So we've been briefly discussing this in the first iteration of this
series where I also explained why I in the first iteration I didn't add
explicit uid_t and gid_t parameters. I sugggested adding uid_t/gid_t
parameters in that thread but from your response in
https://lore.kernel.org/lkml/20200212160402.GA1799124@xxxxxxxxx/:

> > So ownership only changes if the kobject's uid/gid have been changed.
> > So when to stick with the networking example, when a network device is
> > moved into a new network namespace, the uid/gid of the kobject will be
> > changed to the root user of the owning user namespace of that network
> > namespace. So when the move of the network device has completed and
> > kobject_get_ownership() is called it will now return a different
> > uid/gid.
>
> Ok, then this needs to say "change the uid/gid of the kobject to..." in
> order to explain what it is now being set to. Otherwise this is really
> confusing if you only read the kerneldoc, right?

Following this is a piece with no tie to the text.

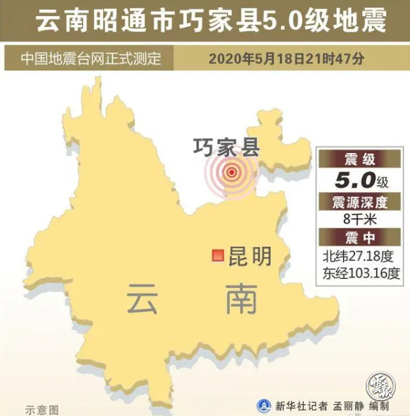 2020年5月18日21时47分59秒在云南昭通市巧家县小河镇发生5.0级地震,震中位置北纬27.18度、东经103.16度,震源深度约8公里。
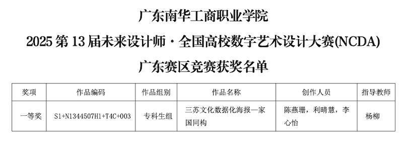 近日,第13届未来设计师-全国高校数字艺术设计大赛获奖名单正式公布,我院数字媒体技术专业学生陈燕珊、利晴慧、李心怡《三苏文化数据化海报——家国同构》获广东赛区省赛一等奖并进入国赛评审,杨柳老师获得优秀指导老师。

>From this answer I took it that you did prefer not adding uid/gid
parameters. If that has changed or I misunderstood you then I can change
all these functions.

For clarity, for network namespaces: when the move of a network device
has completed dev_change_net_namespace() is called which changes the
ownership of the kobject associated with the net device. Now
kobject_get_ownership() will return the updated uids/gids. In any case,
asking explicitly: do you want to have those sysfs and device functions
take explicit uid and gid parameters? That sounds nicer to me as well. I
just didn't want to expose it because we alreay had this dynamic way of
setting ownership via kobject_get_ownership().

Thanks!
Christian